II - Assim, nada impõe que o montante da indemnização pelos danos não patrimoniais sofridos pelo próprio lesado não possa ultrapassar o montante devido pela supressão da vida.
III - Em sede de incapacidade parcial permanente devem distinguir-se três diferentes aspectos:a) - afectação do corpo do lesado para o desempenho das funções que lhe são próprias (incapacidade funcional);b) - afectação da capacidade do lesado para o desempenhar trabalhos em geral (cuidar de si mesmo, tratar dos seus assuntos, etc.); ec) - afectação da capacidade do lesado para desempenhar um trabalho profissional remunerado (ganhar a vida).
IV - Nada impede que, para efeito de se alcançar qual o montante da indemnização devida por incapacidade parcial permanente, se considere cada um daqueles aspectos, atribuindo um quantitativo por cada um dos que ocorram, a englobar posteriormente no todo; tal como é possível que se parta desde logo pela fixação do todo.
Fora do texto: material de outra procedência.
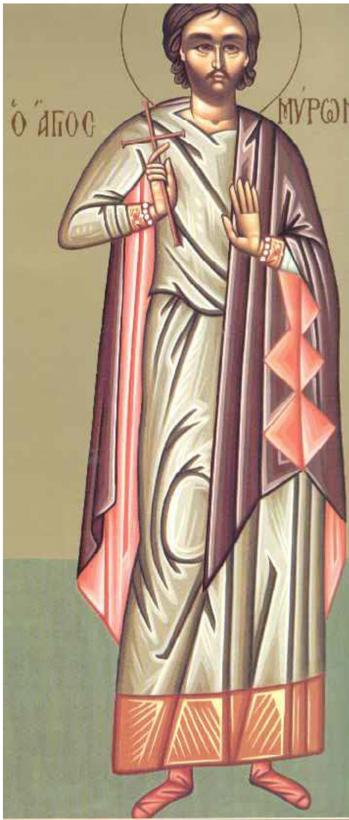
Άγιος Μύρων ο Νεομάρτυρας από το Ηράκλειο Κρήτης

V - O reformado, depois de o ser, ainda continuará a desempenhar as tarefas a que se refere o segundo item constante deII; assim sendo, a incapacidade parcial permanente, pelo que respeita a este segundo item, deverá ser considerada até à idade média de duração da vida e não até à idade média da reforma.
VI - As várias fórmulas matemáticas utilizadas para o cálculo da indemnização devida pela incapacidade parcial permanente não são susceptíveis de conduzir a um resultado fiável porque jogam com dados incertos, em especial quando referidos a um período de tempo longo: é o caso da evolução dos salários, das taxas de juro (líquidas de impostos), da inflação, do custo de vida, tudo elementos incertos que tornam qualquer cálculo aleatório.
VII - A obrigação de pagar juros sobre a expressão monetária da indemnização, seja a devida por danos patrimoniais, seja a por danos não patrimoniais, não tem a ver com a reparação da lesão, mas sim com um outro mal, o da demora na compensação do lesado pelo dano sofrido.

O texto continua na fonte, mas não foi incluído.